Importantly, prior conservation and baseline water use are not highly correlated: the correlation coefficient is 0.04, and the treatment groups are well balanced across prior conservation.Footnote 13 These two features of our data allow us to examine treatment heterogeneity across both baseline water use and prior conservation.

We analyze heterogeneity based on pre-treatment water use and prior conservation by estimating conditional average treatment effects (CATEs). We focus on CATEs based on subgroups above and below the median baseline water use and prior conservation as well as quartiles of each variable. Since treatment is randomized across the distribution of pre-treatment water use and prior conservation, CATEs provide valid inference - the results can be interpreted as causal treatment effects in the same style as studies that condition on pre-intervention consumption (Allcott 2011; Ferraro and Miranda 2013; Brent et al. 2015).

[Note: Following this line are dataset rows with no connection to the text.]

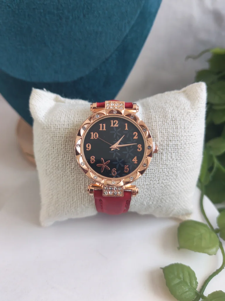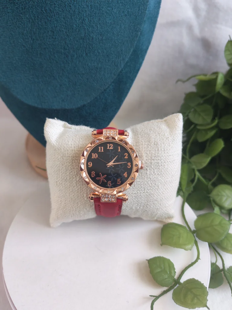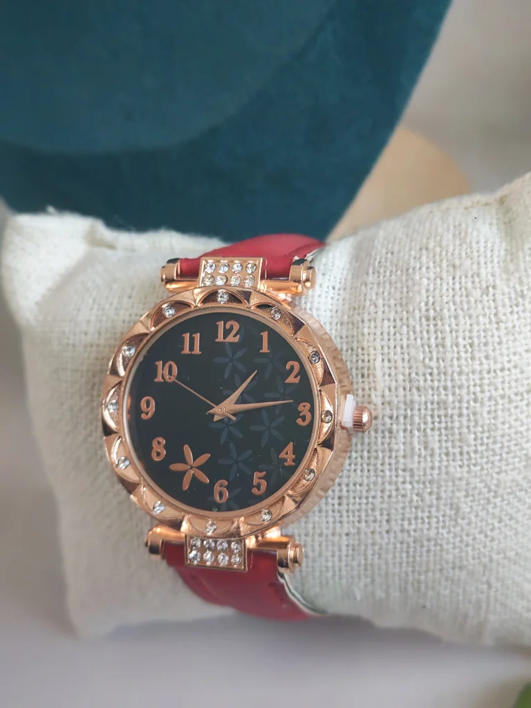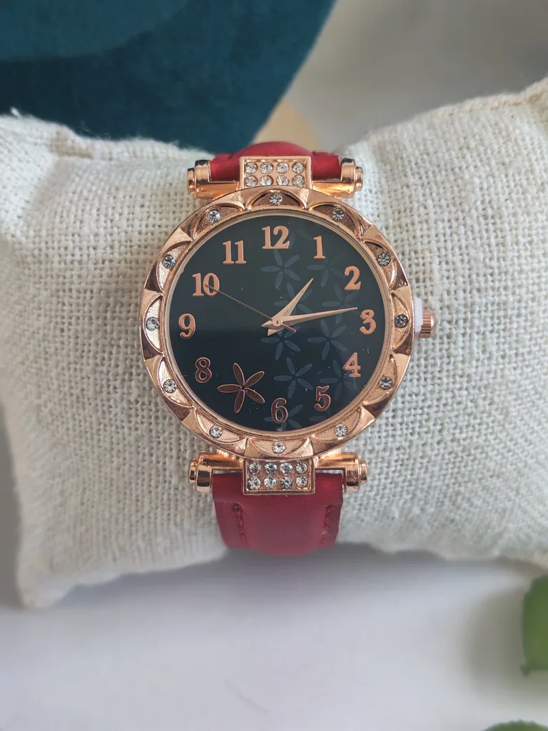 Montre femme couleur dore et rouge bordeaux Neuve jamais porté Envoi rapide et soigné Une petite attention dans chaque commande
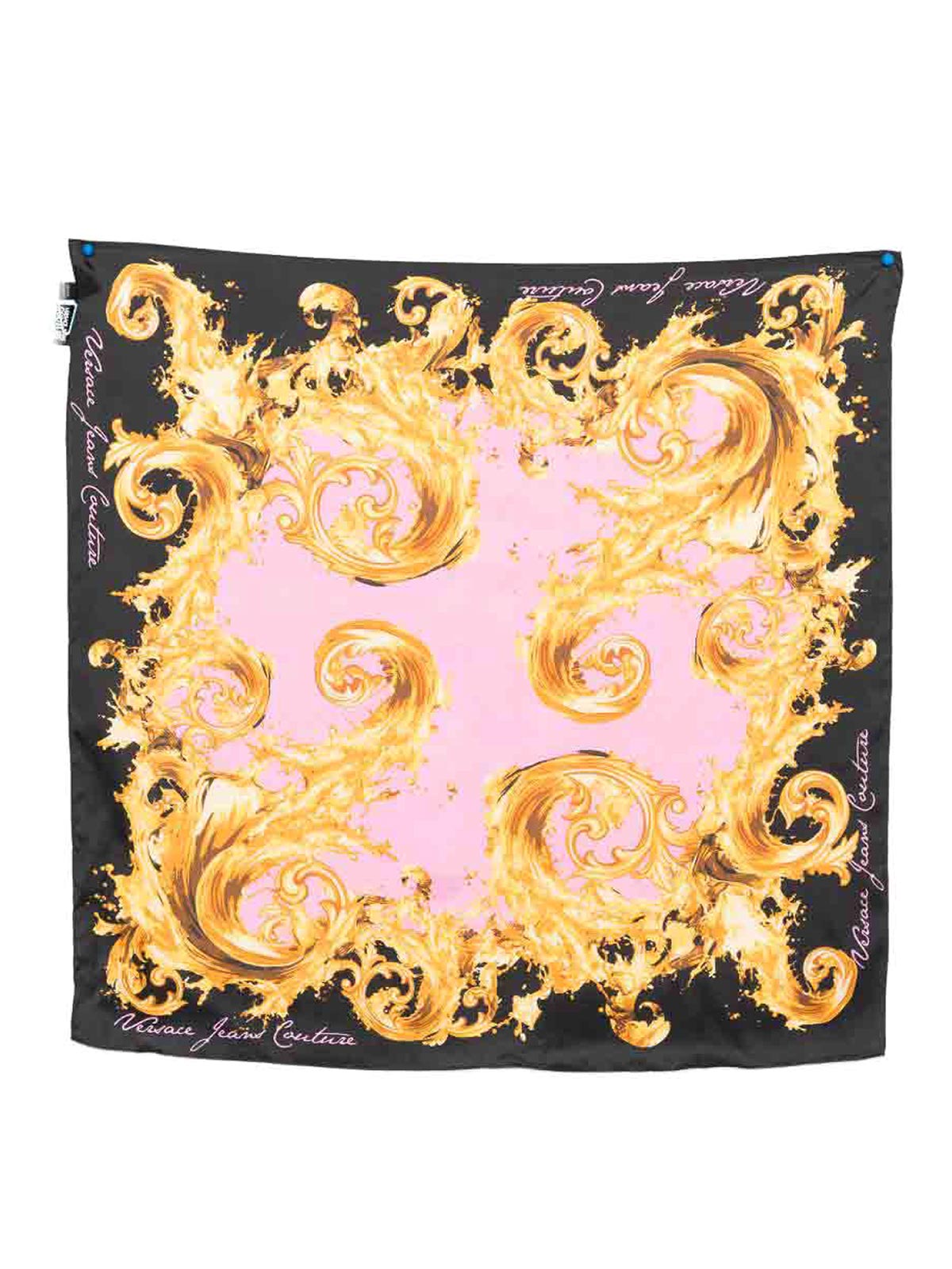 ヴェルサーチジーンズクチュールのゴールドとブラックのプリントをあしらったシルクのフーラード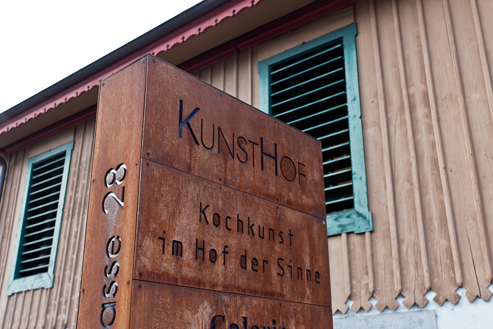 Das Restaurant liegt nur wenige Meter vom Seeufer entfernt. Restaurantparkplätze sucht man vergebens. Wir drehen deshalb noch einmal eine Runde durch die Strassen. Wir sind etwas spät dran. Normalerweise stellt das bei Schweizer Restaurants kein Problem dar, da die Tische nur einmal pro Abend vergeben werden. Doch wir haben uns heute bei Denis Martin für eine Demonstration in der Küche angemeldet. Für einen Aufpreis von 90 Franken pro Person, gewährt man den Gästen einen eineinhalbstündigen Einblick in die molekulare Welt.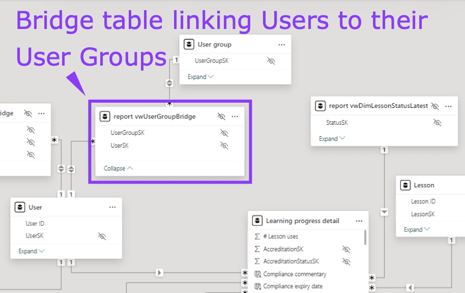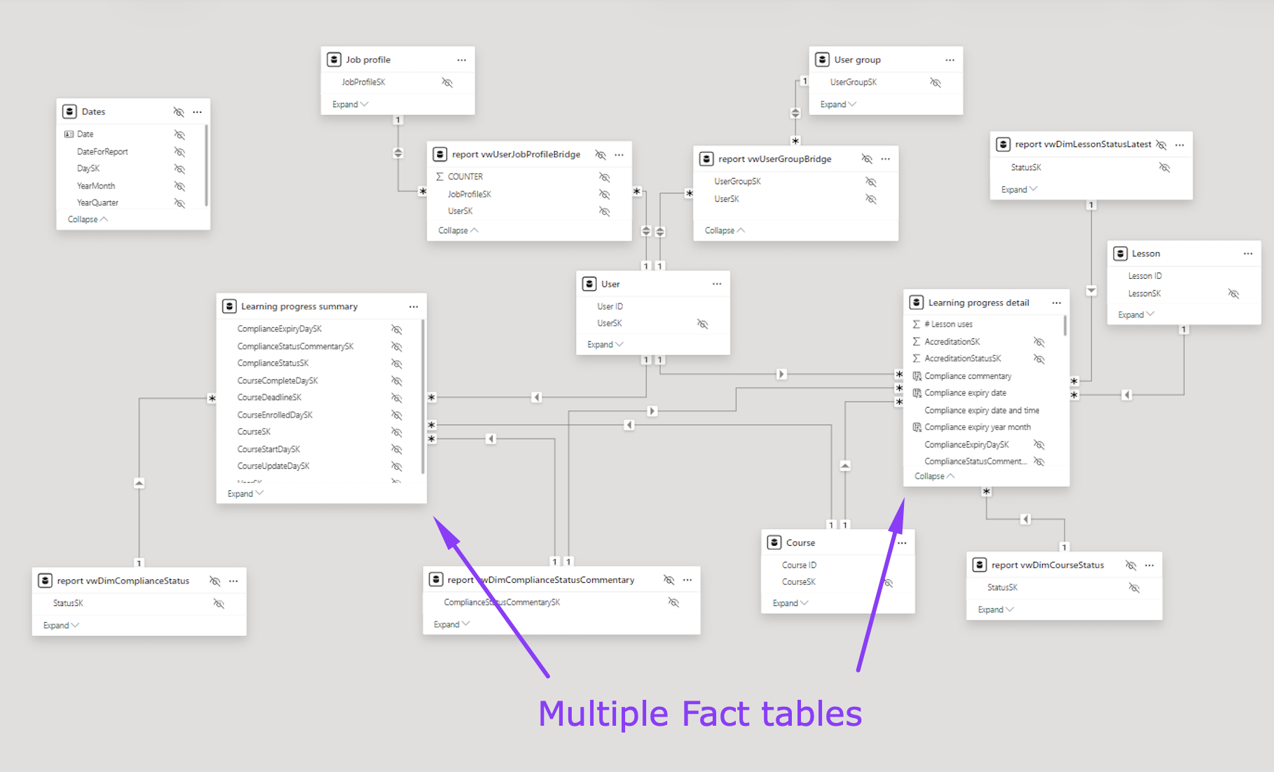 For example, you can see the Learning Progress dataset below contains multiple Fact and Bridge tables: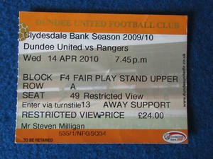 Dundee United V Glasgow Rangers 14 4 10 Ticket Ebay

The CATE model is defined as

$$\begin{aligned} y_{it} = \alpha + \sum _{c=1}^k \gamma _{l,c} T_{i,l}\times C_{i,c} + \sum _{c=1}^k \theta _{c} C_{i,c} + \beta {\mathbf {x}_{\mathbf {it}}} + \epsilon _{it} \end{aligned}$$
(2)

In this model we are concerned with \(\gamma _{l,c}\), which is the CATE for treatment letter l in subgroup c. \(T_{i,l}\) is an indicator for whether a household was treated with letter l and \(C_{i,c}\) is an indicator for whether a household falls into subgroup c of the conditioning variable \(C_{i,c}\). The presence of \(C_{i,c}\) accounts for the sample-wide differences in consumption for subgroup c. The regressions used to generate Fig. 3 define \(C_{i,c}\) as the four quartiles of pre-treatment consumption for panel (a) and prior conservation for panel (b).

4 Results

4.1 Base Results

We begin by reporting the average treatment effects pooling the two treatments of interest, and then briefly discuss each treatment individually. Column 1 of Table 4 shows that the average treatment effect (ATE) pooling both treatments is slightly greater than a 1.5% reduction in consumption.Footnote 14 Overall, our pooled ATE is smaller than commonly reported for SCM: Opower’s interventions typically reduced energy consumption by about 2%, and both Ferraro and Miranda (2013) and Brent et al. (2015) find average reductions in consumption of approximately 5%. However, these results should be considered in the context of an extensive utility-wide water conservation campaign during the second year of a severe drought. Additionally, given that the aforementioned studies on water examine some of the first interventions using SCM for water conservation, the lower treatment effects are consistent with the findings of Allcott (2015) that initial sites often have higher average treatment effects than subsequent sites.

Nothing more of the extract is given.